How Does The Emergency Budget Impact On You?
How Does The Emergency Budget Impact On You?
No new taxes for individuals were announced during the June 2020 Emergency Budget Speech. This means that for now there is no obvious impact on you unless you work for a failing SOE which will not be getting more bailout funding.
Borrowing More And Trying To Spend Less
Although the details change, most budgets are designed to determine how much money is going to come in (for consumers this is at the end of the month when they get paid) and how to spend that money on the various expenses and debts that you have. There is little difference between when the Government does their budget and when a consumer does theirs’ except for the amounts involved. Governments talk about income and expenditure in Billions of Rand. Overall, however, the concept is exactly the same.
‘There is little difference between when the Government does their budget and when a consumer does theirs’ except for the amounts involved’
At present, SA has a lot of debt. It takes a lot of tax money just to pay the interest portion of those debts nevermind the actual capital portion of these debts (which would reduce the amount owed).
There are also all sorts of things that SA residents need or want and expect Government to provide for them. At the moment, a lot of that is social aid and expanded spending on health services. It is no surprise then that the interim budget or Emergency Budget focused on these areas.
First Finance Minister Tito Mboweni spoke about how tax income is going to take a knock (because people are not earning and businesses are not doing well since they have been closed or without clients). So far they are seeing about R300 Billion less come in through taxes this year. This means less money than ever to spend and having to rely more on borrowed funds.
Though there may be changes to taxes next year there were none announced in the June budget speech.
Worst Economic Year Since 1930
It is predicted that the economy will shrink by 7% (or more). In fact, the situation is going to be the worst it has been in almost 100 years with job losses and business closures as a result of the lockdown and reduced consumer spending due to the Covid-19 pandemic.
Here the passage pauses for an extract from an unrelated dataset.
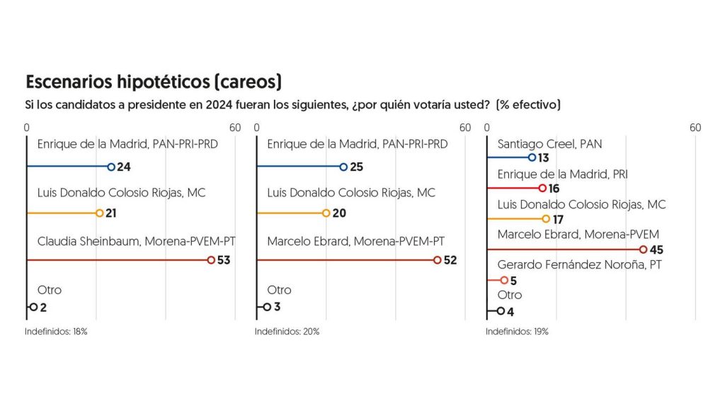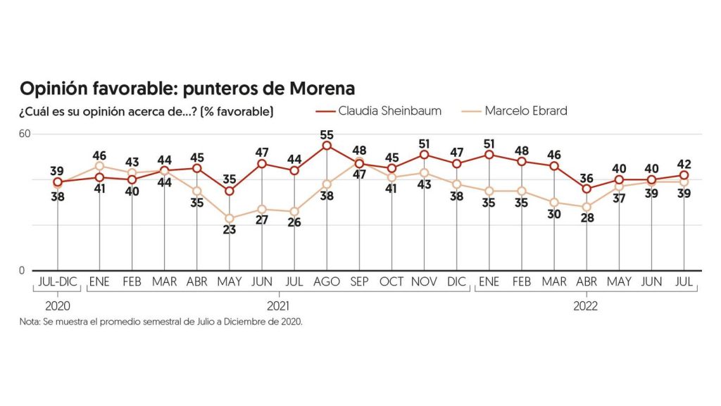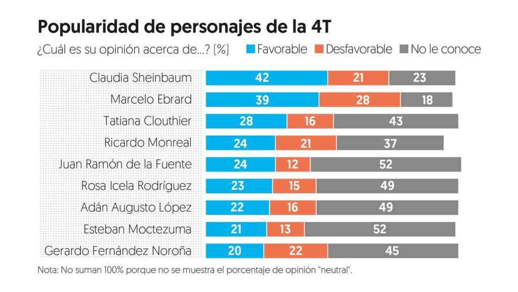 En julio, Sheinbaum registra 42 por ciento de opinión positiva y 77 por ciento de conocimiento, mientras que Ebrard capta 39 por ciento de opinión positiva y 82 por ciento de conocimiento. En tercer lugar se ubica Tatiana Clouthier, con 28 por ciento de opinión favorable y 57 por ciento de conocimiento.

The Minister then spoke about how SA is going to have to borrow more to cover added costs. In particular, they are going to borrow $7 billion to fight Covid-19. This means that there is more debt for the future and so higher interest portions that will have to be paid just to keep the debts stable and prevent a runaway debt situation.
Tito then explained that there is going to be a shift to spending less on most things. At the same time, the amount spent overall will be more than R2 Trillion (first time ever).
There was not a lot of detail on how this is going to happen exactly and some people have said the speech sounded more like a plea from the Minister to Government to please spend less and get on board with cutting costs wherever they can instead of carrying on as before.
New ‘Covid-19’ Spending
- An extra R21.5 Billion will be spent on Covid-19 related health matters and another R12.6 billion for “frontline” response efforts.
- An extra R25.5 billion is being added to the Social Development Department to provide Covid-19 related relief.
- It was announced that R100 Billion is going to be used to create jobs. This is key since so many people are already unemployed and even more will lose their jobs in the weeks ahead.
The Mandatory Bail Out
Would any budget speech be complete without a bailout for someone? Well, the tradition continues in part with R3 Billion that is going to be given to Land Bank – so that they have some money in the coffers to use for business (which will keep them in business). There was, however, no mention of saving SAA or Denel with yet another bailout.
Your Own Budget
If you have not already done so then please work out your own budget. Write down what money you will get in and then make a list of the existing debts you have and how much you must pay towards them. Then look at your monthly running costs. Check if you can pay for and save towards all the things you need.
‘you should talk to a Debt Counsellor about how you can use the National Credit Act and debt counselling to reduce what you have to spend on your debts each month’
If you find the figures don’t balance then you need to make cuts. If that doesn’t look realistic then you should talk to a Debt Counsellor about how you can use the National Credit Act and debt counselling to reduce what you have to spend on your debts each month. This can make all the difference and help you and your family to cope with the though times ahead.